The modem slave trade, involving the importation of captive Africans to the shores of the New World, began in 1517. Spaniards immigrating to the New World were allowed to import 12 Africans each. The decision to meet the growing labor demands in the new European colonies in the West Indies and South America by using slaves encouraged the fairly rapid development of the trade. Royal monopolies were granted for control of the trade and over the next 200 years, control shifted among Dutch, Portuguese, French and English trading companies and independent traders. The defeat of the Dutch and French in a series of conflicts gave English traders control of the slave trade by the early eighteenth century.
The growing English colonies in America faced a constant labor shortage, which they tried to address by using white and Native American indentured servants, who were contracted to servitude for a limited amount of time. Additionally, some Native Americans were enslaved. In 1619, a Dutch frigate brought 20 Africans to Jamestown, Virginia; they came as indenture servants. However, the use of African indentured servants ended by the 1640s. Indentured servitude proved an insufficient source of labor: there simply weren’t enough whites, blacks and Native Americans in the colonies willing to replace those whose contracts expired. Native American slavery was also a huge failure for the colonists. By the mid-17th century the English colonists had settled on importing Africans as "perpetual servants" for a number of reasons: they looked different, which made finding runaway slaves easier; they did not have long-standing tribes and nations to disappear into, as did Native Americans; and patterns of prejudice against dark-skinned people already existed, which allowed whites to justify their enslavement of another people.
By the early 18th century, most of the 13 colonies had accepted slavery and enacted a series of laws, called slave codes, to regulate and protect the slave system. These codes determined rules for conduct between the races and helped legitimate the system.
The huge influence of the Puritans on life in New England, combined with the prevalence of small scale farms (for which slavery was financially impractical), produced religious and economic pressures against the slave system in New England. However, the huge shipping industry in New England, centered in Massachusetts and Rhode Island, provided many of the ships for the 18th century slave trade. In a similar fashion, the anti-slavery beliefs of the Quakers prevented the large-scale growth of slavery in Pennsylvania. It was on the tobacco and rice plantations in the Southern states of Virginia, Maryland, the Carolinas, and after 1750, Georgia that the system had the deepest roots. Economic success in those colonies provided a strong force that resisted religious or intellectual objections to the slave system.
By the time of the American Revolution there were almost 750,000 blacks in the 13 colonies, most of them slaves and most located in the Southern colonies.

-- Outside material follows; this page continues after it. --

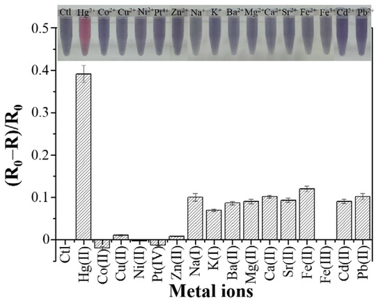 Selectivity of the H-AuNS probe in the presence of HCl/Au(III)/H2O2 solution toward Hg(II) ions. The Hg(II) concentration was 1.0 μM, and the concentration of each of the other metal ions was 10 μM. Inset: photographs of the H-AuNS probe with different metal ions in the presence of HCl/Au(III)/H2O2 solution. Error bars represent standard deviations from three repeated experiments.

During the War there was much debate on whether enlisting in the Continental Army meant automatic freedom for slaves. Some colonial legislatures prohibited blacks from fighting just to avoid this issue. In the fifteen-year period after the War the New England states, Pennsylvania, New York and New Jersey, abolished slavery and prohibited the slave trade. However, during the Constitutional Conventional of 1787, Congress protected slavery in the United States Constitution in three ways: by declaring that, for the purposes of taxation and representation, five blacks equaled three whites; by requiring the return of runaway slaves; and by forbidding Congress to debate the abolition of the slave trade for 20 years. Slavery was not abolished in the United States until 1863, when Abraham Lincoln issued the Emancipation Proclamation, freeing all the slaves in the Confederacy.